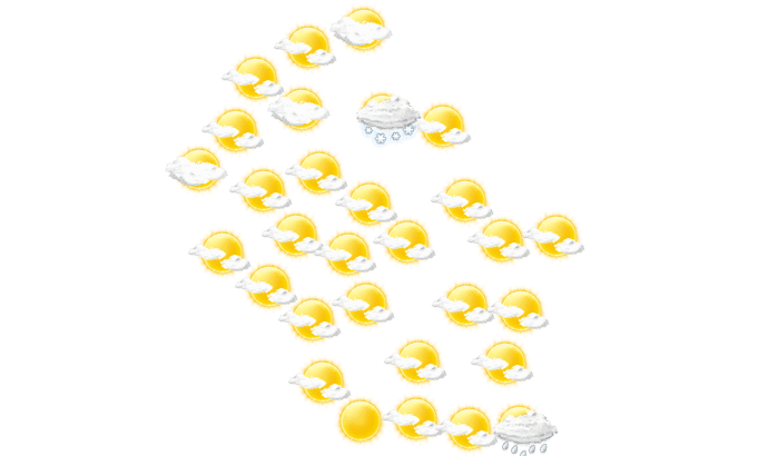 In Madison wird tagsüber die Sonne von einzelnen Wolken verdeckt bei Werten von -3 bis zu 0°C. In der Nacht gibt es keine Wolken und die Sterne sind klar zu erkennen bei Tiefsttemperaturen von -3°C. Mit Geschwindigkeiten von 30 bis 31 km/h weht der Wind aus nordwestlicher Richtung. Mit Böen zwischen 45 und 50 km/h ist zu rechnen.
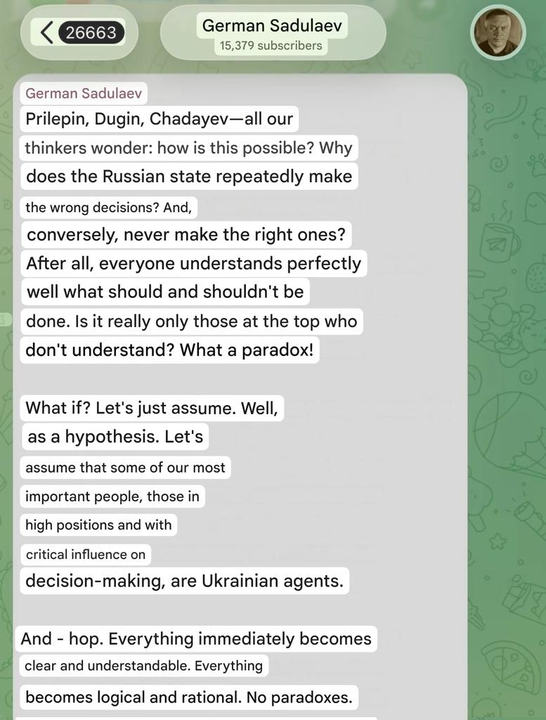 >The speed at which the Putin regime is destroying Russia has coalesced into conspiracy in the minds of Russia's popular military bloggers, now with accusations that Russian leadership is comprised fully of Ukrainian agents.KHAKHLIIIIIIIII
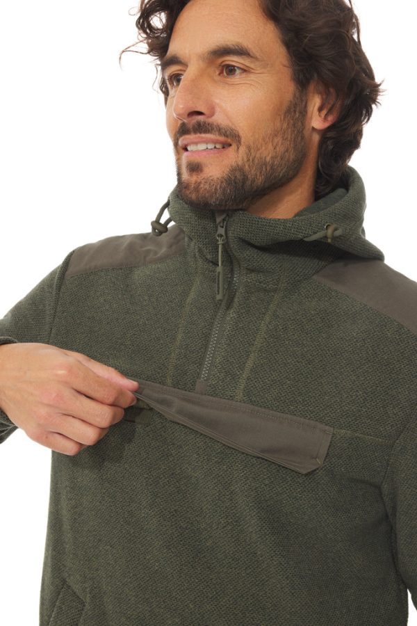 Col zippé avec patte de protection intérieure et tirette en caoutchouc. Grande poche poitrine à rabat avec fermeture velcro. Grande poche ventrale avec deux ouvertures sur les côtés Doublure des poches en polaire. Logo Mousqueton sur la manche gauche. Empiècements en toile légère sur les épaules et le dos.
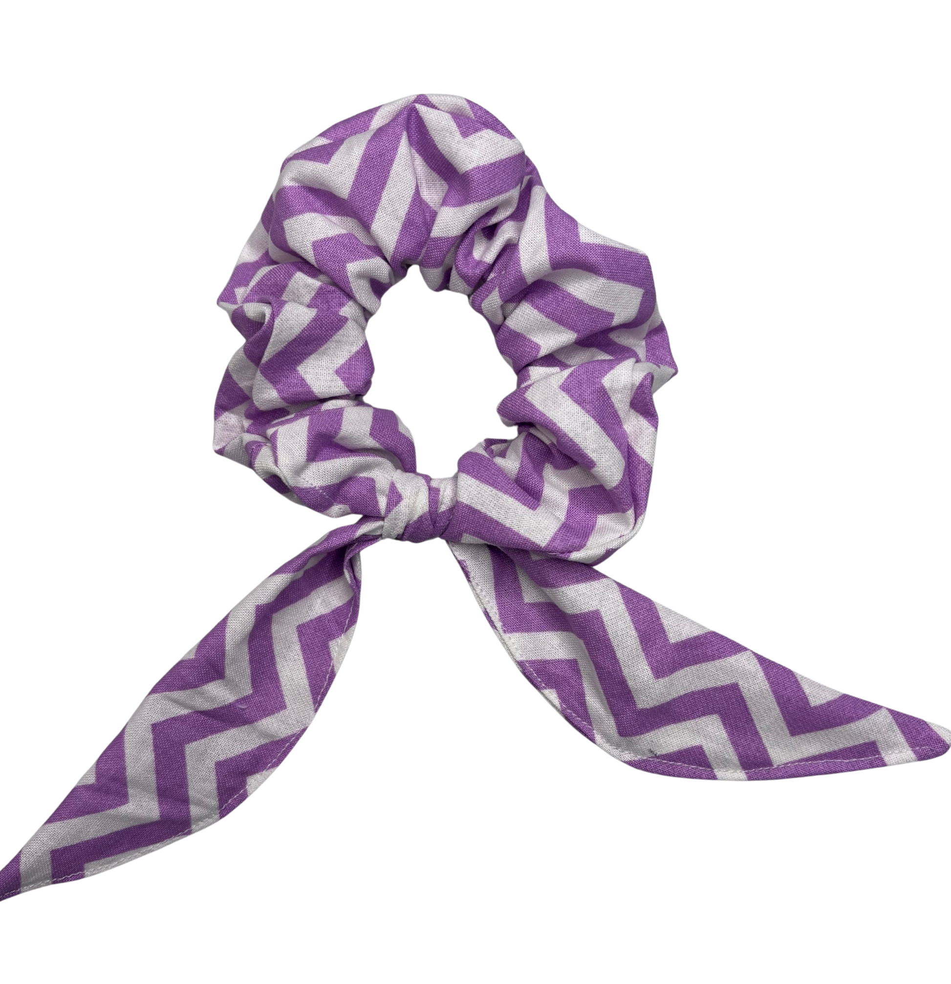 Similar in size to our regular scrunchies, except with an added bow detail for extra flair, our bow scrunchies are made with thin elastic, wrapping around hair 2-3 times (depending on hair thickness)
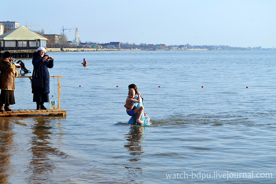 Як і годиться, під час дійства буди присутні: швидка допомога, рятувальники, міліціонери та водолази. Але, на щастя, допомога нікому не знадобилася. Усі, що пірнали в воду, виходили на берег усміхненими та збудженими. Зауважу, що серед “пірнальників” були не тільки чоловіки. Жінки теж не побоялися низької температури води. Було багато й молоді, яка прийшла “очиститися” (див. світлини). Це приємно здивувало людей похилого віку – бабусі все повторювали : “Поглянь – скільки молодих прийшло”. Знайшлися сміливці й серед дітей, яких матері заносили в воду на руках. За кількістю сфотографованих усміхнених облич цей день є другим після Нового року. Хтось робив купання за правилами – тричі пірнав і хрестився, дехто забігав у море та швиденько повертав з холодної водиці, поспішаючи за рушником, але всіх цих людей об’єднала віра, що доводить наявність духовності у бердянців.
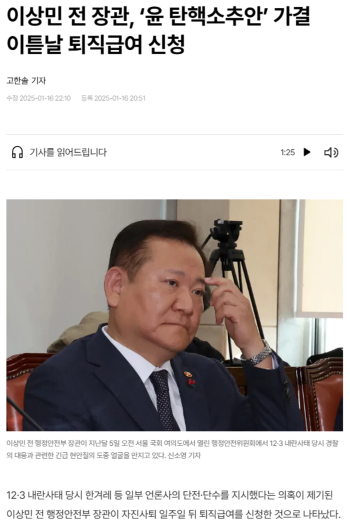 16일 국회 행정안전위원회 소속 양부남 더불어민주당 의원실이 행안부와 공무원연금공단에서 받은 자료를 보면, 이 전 장관은 지난달 15일 퇴직급여 청구서를 공단에 접수했다. 이 전 장관이 청구서를 접수한 건 12·3 내란사태로 탄핵소추 위기에 몰리자 지난달 8일 자진사퇴한 지 일주일 만이다. 윤 대통령의 탄핵소추안이 국회 본회의에서 가결돼 대통령 직무가 정지된 바로 다음날이기도 하다.
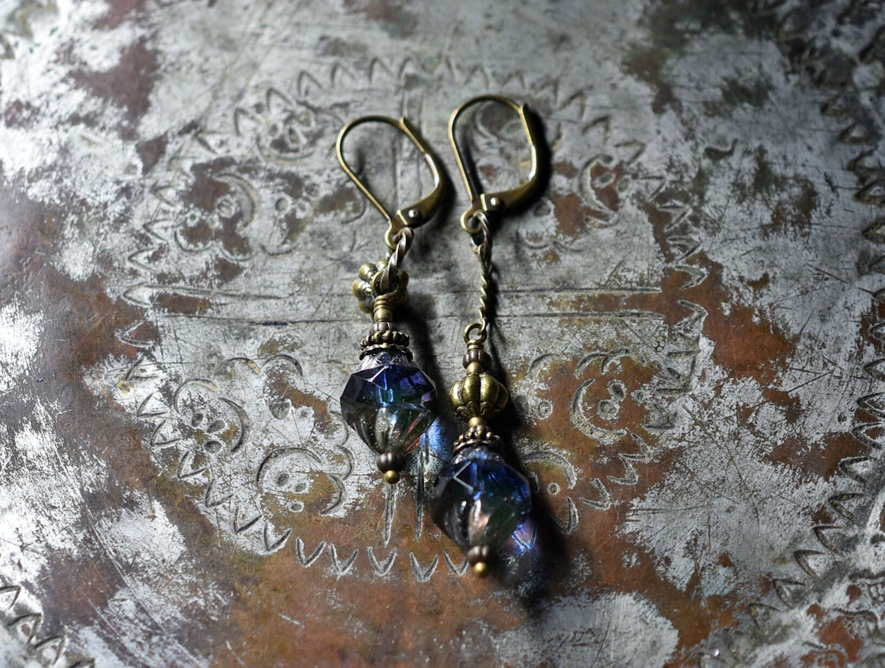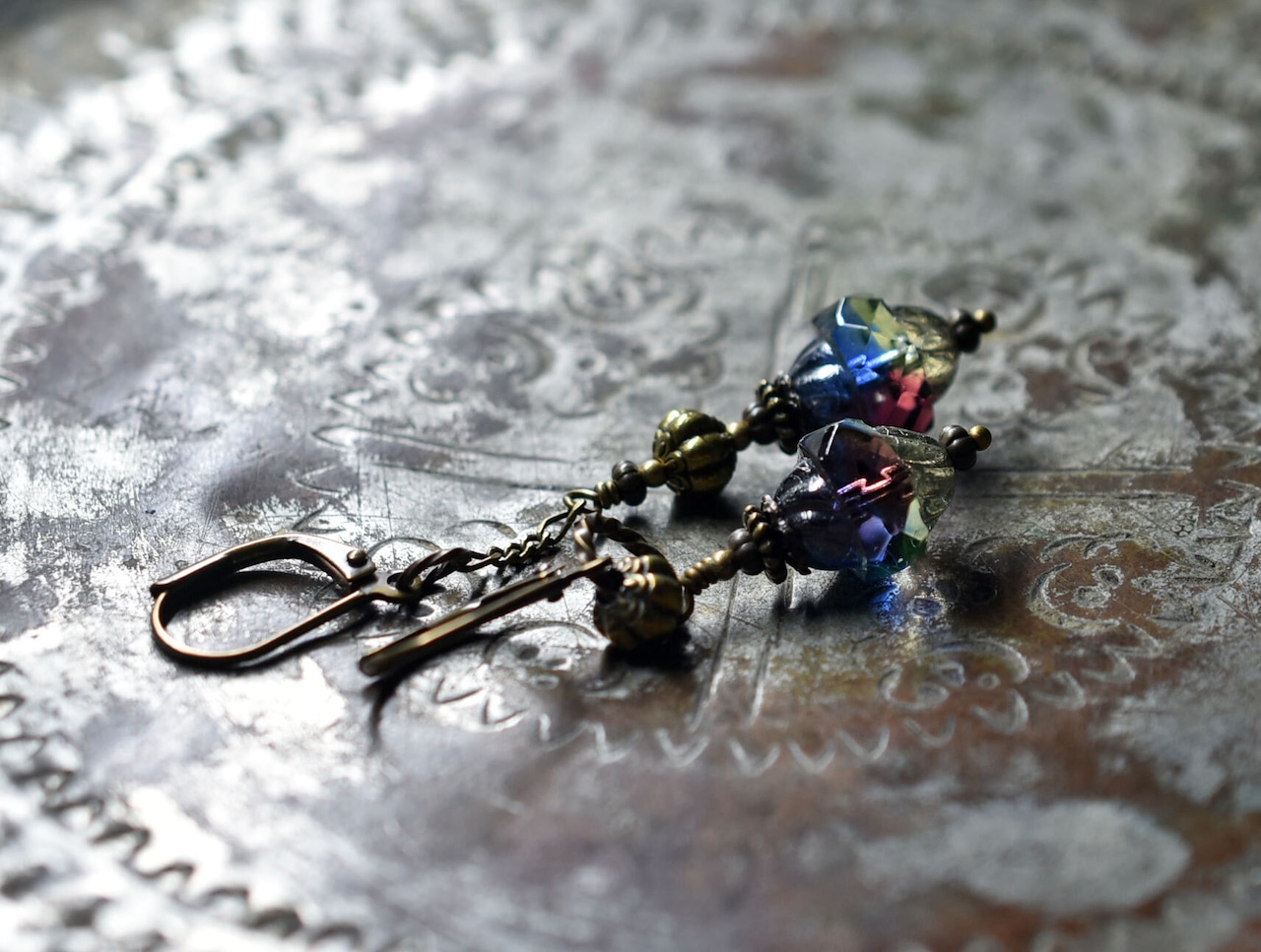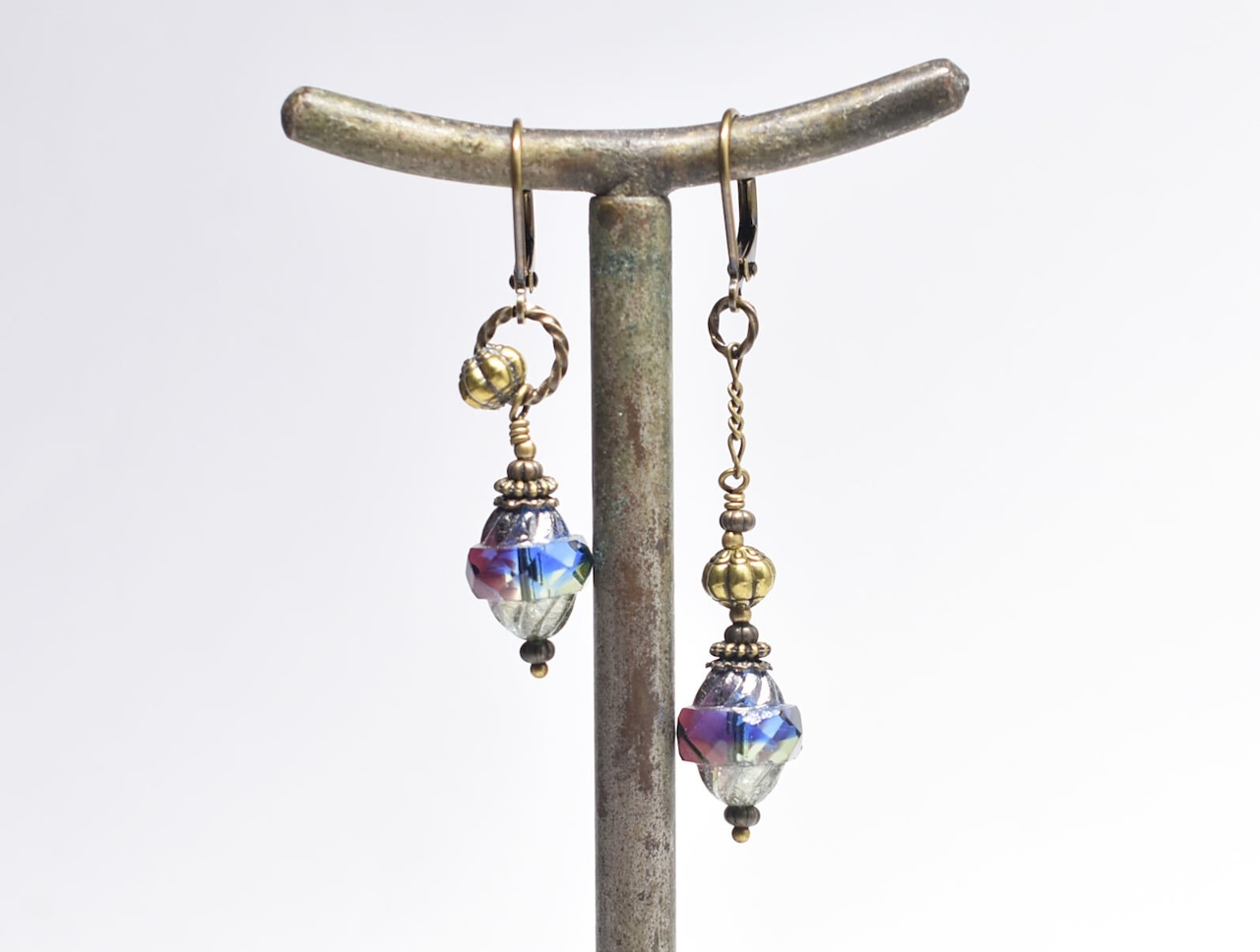 マジックアワーチェコビーズと手毬ブラスのリング&チェーンを繋いだアンシメトリーなピアスです。

* [Aim of the task]: Write out again only the lines from the line that contains "16일 국회 행정안전위원회" through the last line of the records, both ends included, without any of the pictures.

* [Expected answer]:
 16일 국회 행정안전위원회 소속 양부남 더불어민주당 의원실이 행안부와 공무원연금공단에서 받은 자료를 보면, 이 전 장관은 지난달 15일 퇴직급여 청구서를 공단에 접수했다. 이 전 장관이 청구서를 접수한 건 12·3 내란사태로 탄핵소추 위기에 몰리자 지난달 8일 자진사퇴한 지 일주일 만이다. 윤 대통령의 탄핵소추안이 국회 본회의에서 가결돼 대통령 직무가 정지된 바로 다음날이기도 하다.
 マジックアワーチェコビーズと手毬ブラスのリング&チェーンを繋いだアンシメトリーなピアスです。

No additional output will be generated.